WHAT THE TASK ASKS
Leaving out every picture, retype the lines below from the top through the one that contains "在老师们的组织协调下,素拓训".

THE DATA
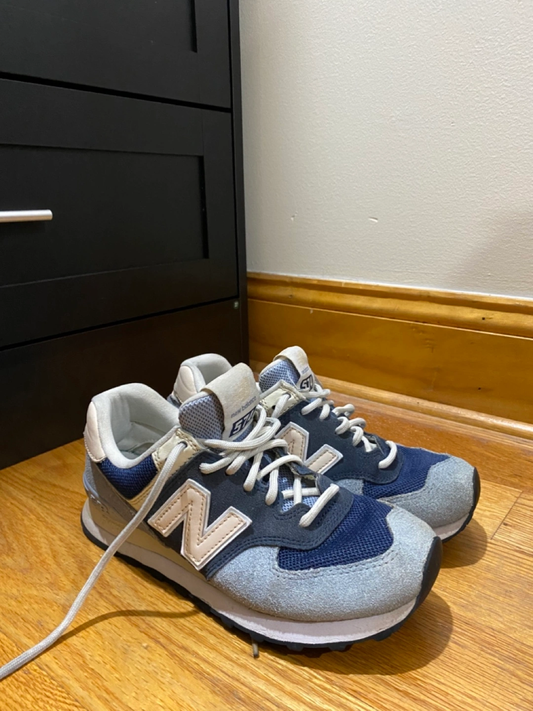 Selling a pair of New Balance 574 sneakers in a blue and gray colorway! They're in great condition and ready for a new home. These are US size 7, UK size 5, EUR size 37.5
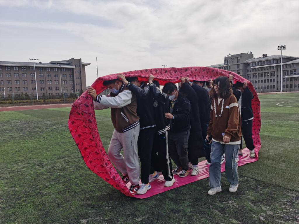 在老师们的组织协调下,素拓训练有序开展。同学们在一系列活泼有趣、生动多彩的心理素质拓展活动中,打开心扉,分享感悟,激发热情,开启了"积极、勇敢、热爱"的"心"力量。
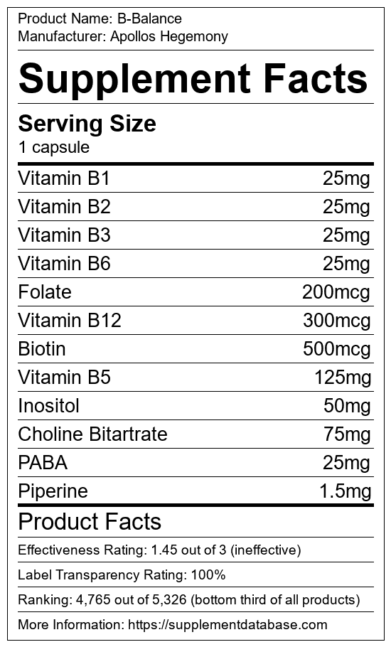 B-Balance is a multivitamin manufactured by Apollos Hegemony. It ranks 50 out of 52 multivitamins and earned an overall thumbs-down recommendation based on seven factors including nutrition label transparency, ingredients, dosing, claims, research rating, and ranking.
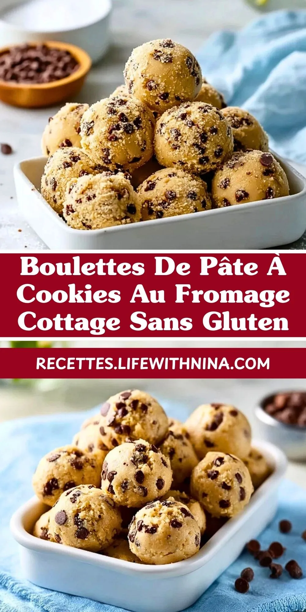 Keywords: boulettes pâte à cookies, fromage cottage, sans gluten, collation sans cuisson, energy bites
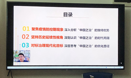 此次在线培训邀请到了广东省委党校/广东党建研究所副教授吴记峰讲授题为《新冠病毒肺炎疫情防控中看中国之治的独特优势》。课程主要按照:聚焦疫情防控期现象深入分析“中国之治”的独特优势;坚持历史延续性视角深刻认识”中国之治”的时代局限;对标治理现代化目标 深度思考“中国之治”的优化路径三点展开 吴教授还从新冠病毒疫情的发生到防控的各种现象结合中国特色社会主义制度、中国特色社会主义理论等方面讲述了中国之治的独特优势,结合新冠病毒疫情的案例让学员思考并学习新冠病毒中的“领导者”、“冲锋者”、“逆行者”、“无畏者”、“无私者”、“担当者”、“守护者”、“志愿者”等人身上的正能量,作为一名党员在大是大非面前应该如何发挥一个党员的先锋带头作用。
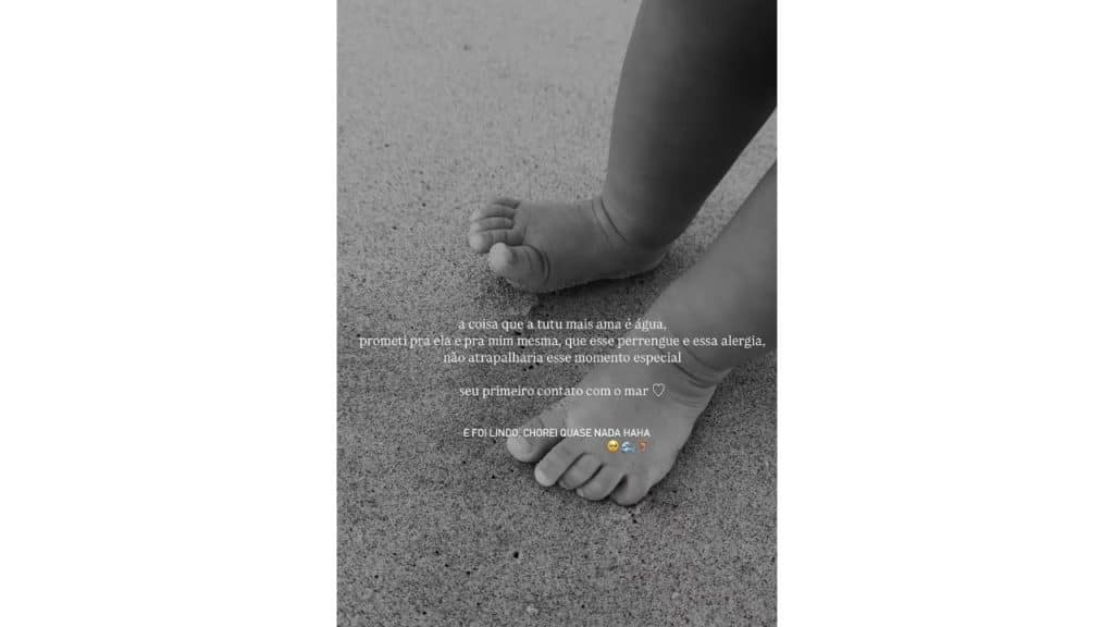 “A coisa que a Tutu mais ama é água. Prometi para ela e pra mim mesma que nesse perrengue e essa alergia não atrapalharia esse momento especial: seu primeiro contato com o mar. E foi lindo, chorei quase nada”, relembra Amanda, emocionada.
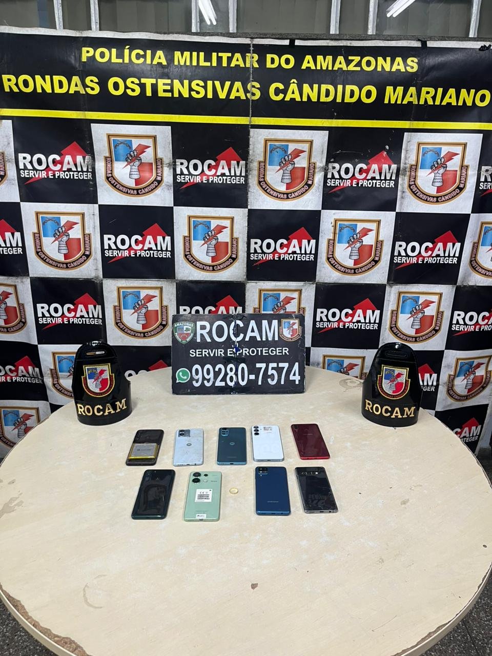 A Polícia Militar do Amazonas (PMAM), por meio das Rondas Ostensivas Cândido Mariano (Rocam), durante cumprimento da Operação Rota Segura, prendeu dois homens, envolvidos em arrastões a rotas do transporte do Distrito Industrial, na manhã desta sexta-feira (10/10). A ação policial foi efetuada na zona leste e resultou na recuperação de nove aparelhos celulares roubados.
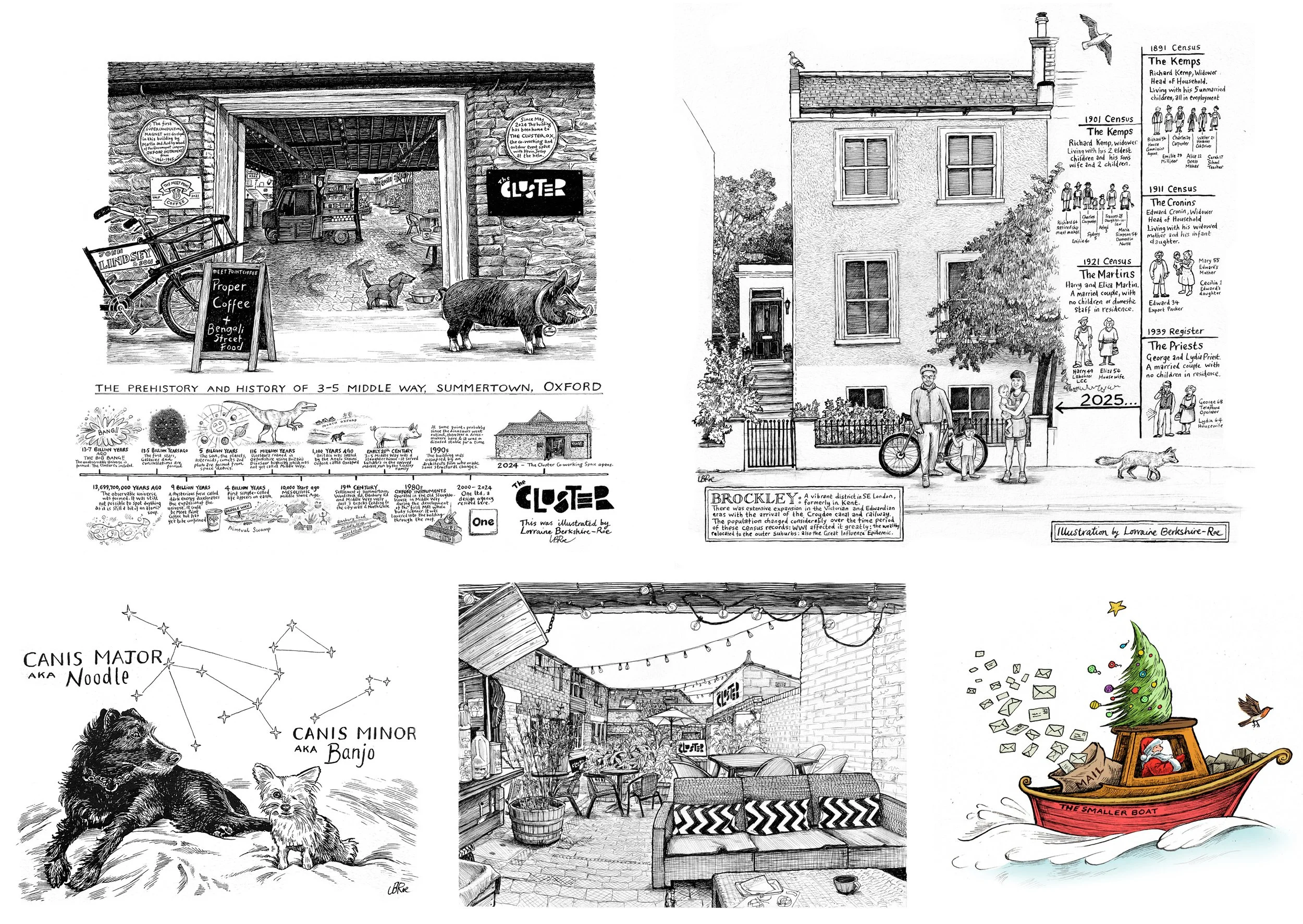 I work in dip pen and ink in black and white and also colour. I have a detailed style which allows me to create illustrations with a wide variety of content. This includes buildings with local and historical details, including a timeline if required, maps, in-situ drawing, realistic representation of animals and settings, portraits and illustration for design, editorial and promotion etc.
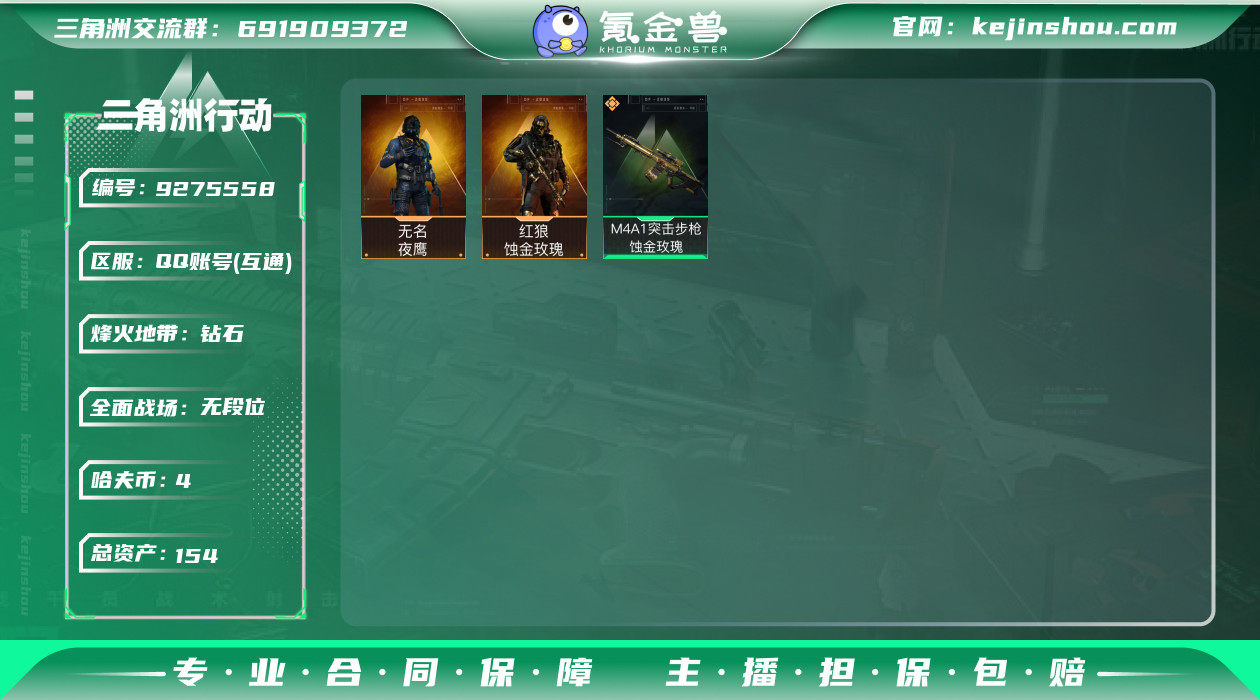 hf5865 总资产154m+纯币4m+仓库大红多+饰金玫瑰红狼全套+s4赛季通行证+烽火等级60 特勤等级高 永久包赔
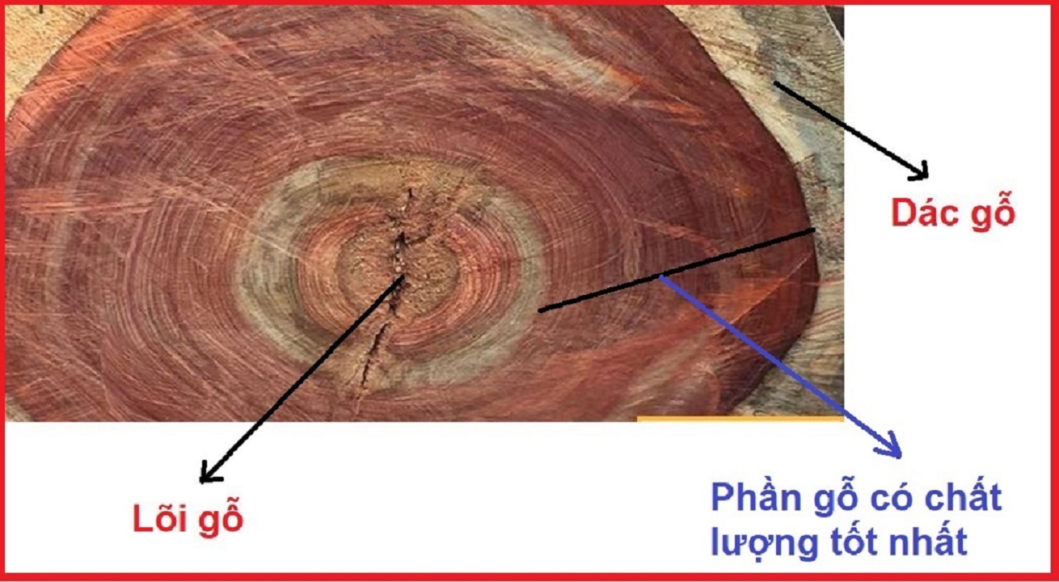 Mặt cắt của một cây gỗ có 3 phần chính. Lõi gỗ, dác gỗ, và phần vỏ.
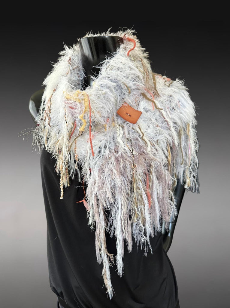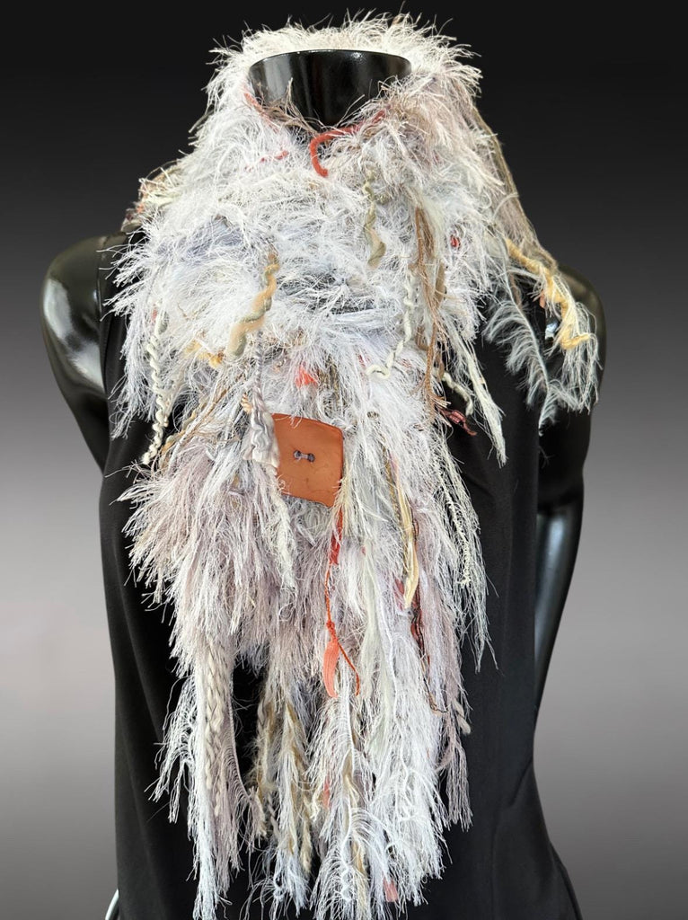 Fluffy ivory faux fur knit scarf with oversized button and art yarns. Includes 20+ unique art yarns and fibers with subtle coordinating colorblends and oversized salmon-blush colored button.
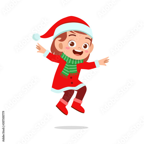 happy cute little kid boy and girl wearing red christmas costume and jump
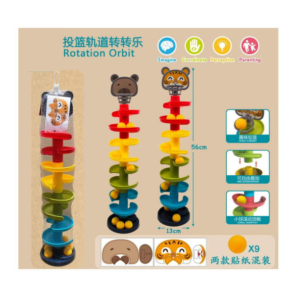 Образователна играчка кула с топчета. Състои се от основа, 8 спираловидни части, тигър с кош на върха, 9 топчета, стикер. Подходящо за момичета и момчета над 12 месеца.
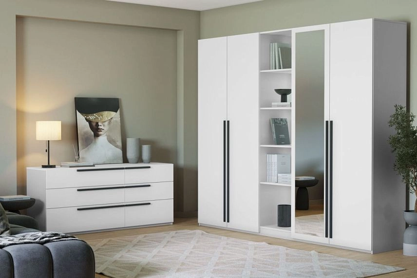 Комплектация: ручка Лорена 1000мм арт. 39212, петли без доводчиков, шариковые направляющие 100% выдвижения
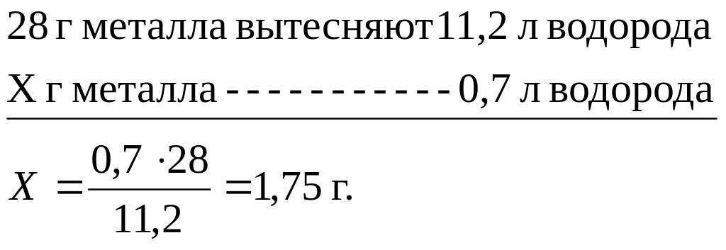 36. Некоторое количество металла, эквивалент которого равен 28 г, вытесняет из кислоты 700 мл водорода, измеренного при нормальных условиях. Определить массу металла.
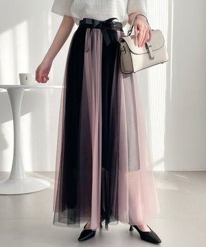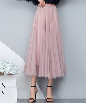 1.【スカート】リボン ハイウエスト チュール Aラインスカート
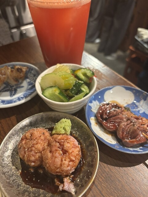 生つくね、こころレアたれ、心配になるくらいの生唐揚げ(笑
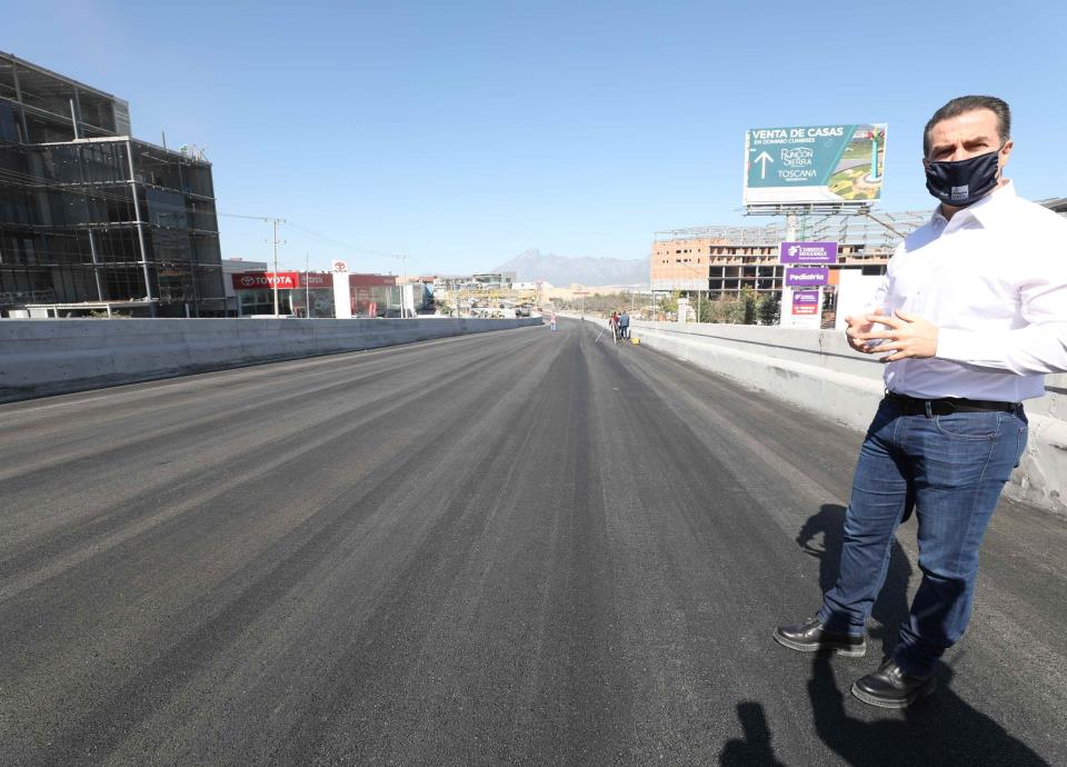 Tras iniciar su construcción el pasado mes de mayo, el nuevo puente sobre la avenida Paseo de los Leones y Cumbres Élite, cuenta actualmente con un avance general del 85 por ciento en su mano de obra, por lo que el Alcalde, Adrián de la Garza, anticipa que pueda estar listo para operar a partir del 15 de noviembre.
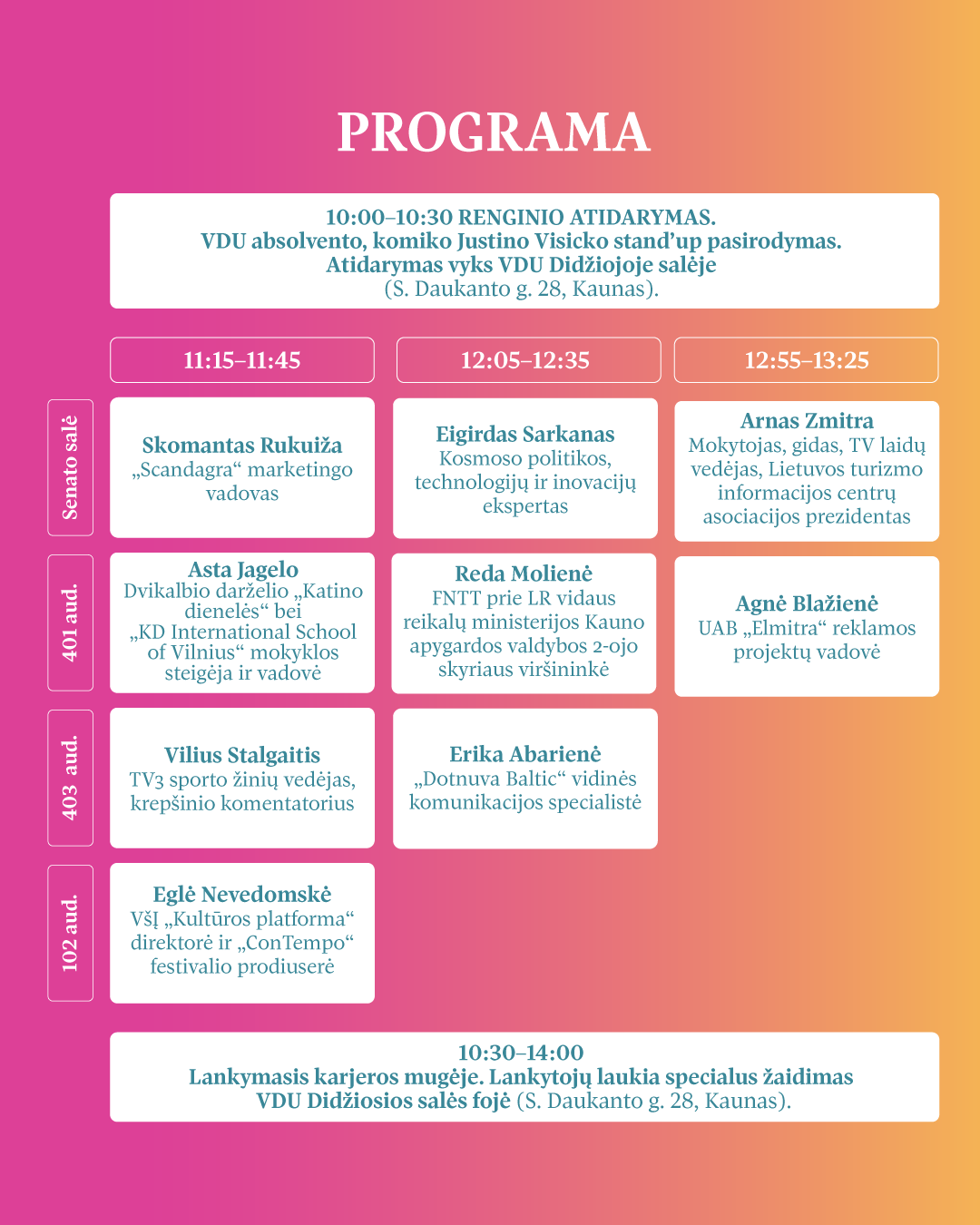 Renginys vyks lapkričio 14 d., 10.00–14.00 val., Vytauto Didžiojo universiteto centriniuose rūmuose (S. Daukanto g. 28, Kaunas).
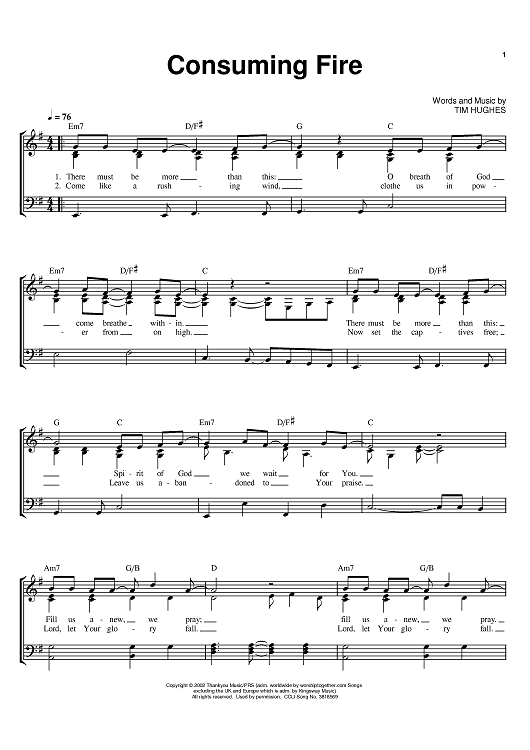 Digital Sheet Music for Consuming Fire by Tim Hughes scored for Piano/Vocal/Chords; id:393793

EXERCISE OUTPUT
 Selling a pair of New Balance 574 sneakers in a blue and gray colorway! They're in great condition and ready for a new home. These are US size 7, UK size 5, EUR size 37.5
 在老师们的组织协调下,素拓训练有序开展。同学们在一系列活泼有趣、生动多彩的心理素质拓展活动中,打开心扉,分享感悟,激发热情,开启了"积极、勇敢、热爱"的"心"力量。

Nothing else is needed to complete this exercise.